<<<<

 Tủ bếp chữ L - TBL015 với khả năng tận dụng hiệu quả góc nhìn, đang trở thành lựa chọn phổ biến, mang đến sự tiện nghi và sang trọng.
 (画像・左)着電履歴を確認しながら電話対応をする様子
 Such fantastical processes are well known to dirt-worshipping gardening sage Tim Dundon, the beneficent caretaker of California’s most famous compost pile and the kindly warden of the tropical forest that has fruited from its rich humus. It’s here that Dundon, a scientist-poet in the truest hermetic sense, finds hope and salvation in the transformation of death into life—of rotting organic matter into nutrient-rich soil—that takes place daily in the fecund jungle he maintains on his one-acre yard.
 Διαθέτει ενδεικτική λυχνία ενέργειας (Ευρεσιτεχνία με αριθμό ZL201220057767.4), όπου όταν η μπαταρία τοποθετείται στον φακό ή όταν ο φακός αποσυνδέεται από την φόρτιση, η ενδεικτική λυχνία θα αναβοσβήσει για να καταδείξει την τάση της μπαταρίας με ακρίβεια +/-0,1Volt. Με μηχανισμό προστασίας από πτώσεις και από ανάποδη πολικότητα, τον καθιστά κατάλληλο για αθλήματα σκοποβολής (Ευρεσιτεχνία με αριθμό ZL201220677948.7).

>>>>
<<<<

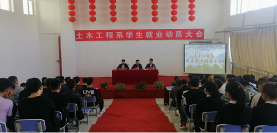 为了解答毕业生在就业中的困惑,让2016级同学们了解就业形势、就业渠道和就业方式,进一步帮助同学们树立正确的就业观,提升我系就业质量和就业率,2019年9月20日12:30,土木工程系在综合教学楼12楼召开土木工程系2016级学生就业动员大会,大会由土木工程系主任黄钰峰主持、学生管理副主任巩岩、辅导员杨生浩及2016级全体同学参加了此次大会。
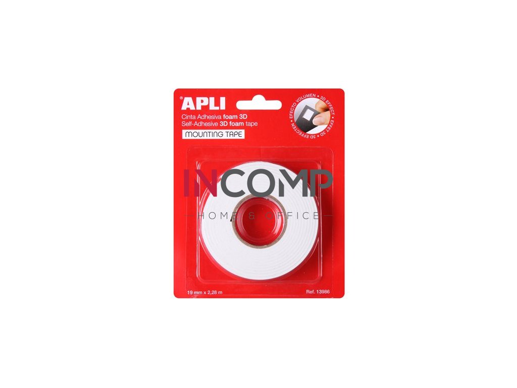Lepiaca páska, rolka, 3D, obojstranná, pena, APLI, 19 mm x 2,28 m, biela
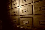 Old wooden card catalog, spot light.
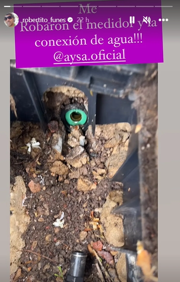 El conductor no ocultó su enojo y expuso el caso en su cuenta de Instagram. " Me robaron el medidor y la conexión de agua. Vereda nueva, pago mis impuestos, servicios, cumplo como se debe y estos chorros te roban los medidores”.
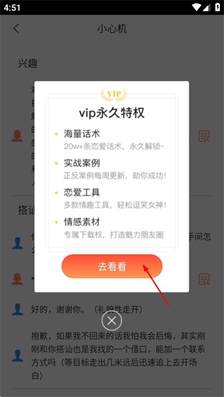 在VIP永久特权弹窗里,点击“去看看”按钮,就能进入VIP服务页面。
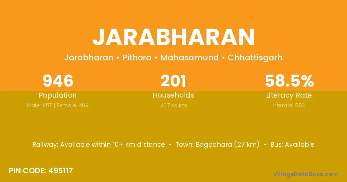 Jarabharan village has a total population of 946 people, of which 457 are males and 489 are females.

>>>>
<<<<

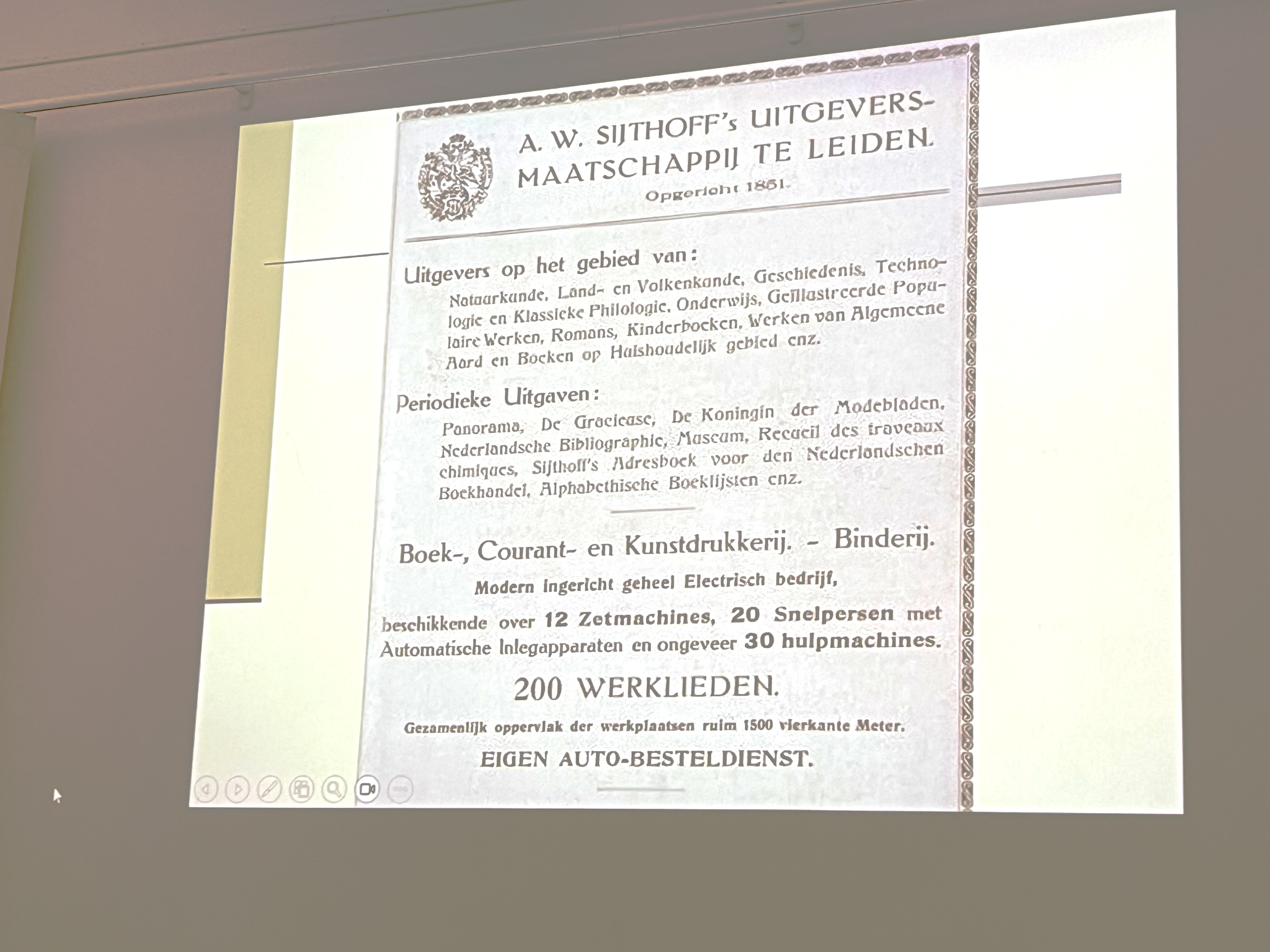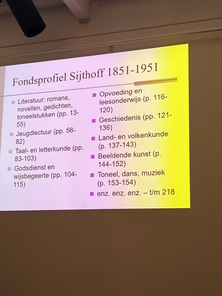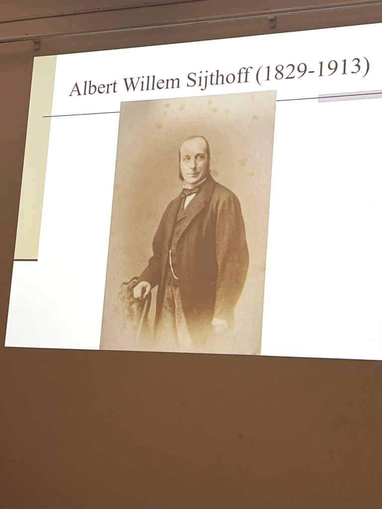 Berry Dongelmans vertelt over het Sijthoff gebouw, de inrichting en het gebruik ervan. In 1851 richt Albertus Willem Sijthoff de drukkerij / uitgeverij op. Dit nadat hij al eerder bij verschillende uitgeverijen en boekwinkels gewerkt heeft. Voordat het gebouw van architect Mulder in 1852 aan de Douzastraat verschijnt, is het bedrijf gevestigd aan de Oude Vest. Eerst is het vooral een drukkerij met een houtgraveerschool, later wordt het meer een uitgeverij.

>>>>

What you should do: The lines above from the line with "El conductor no" through the line with "Jarabharan village has" are to be given again word for word, with no pictures among them.

Task result:
 El conductor no ocultó su enojo y expuso el caso en su cuenta de Instagram. " Me robaron el medidor y la conexión de agua. Vereda nueva, pago mis impuestos, servicios, cumplo como se debe y estos chorros te roban los medidores”.
 在VIP永久特权弹窗里,点击“去看看”按钮,就能进入VIP服务页面。
 Jarabharan village has a total population of 946 people, of which 457 are males and 489 are females.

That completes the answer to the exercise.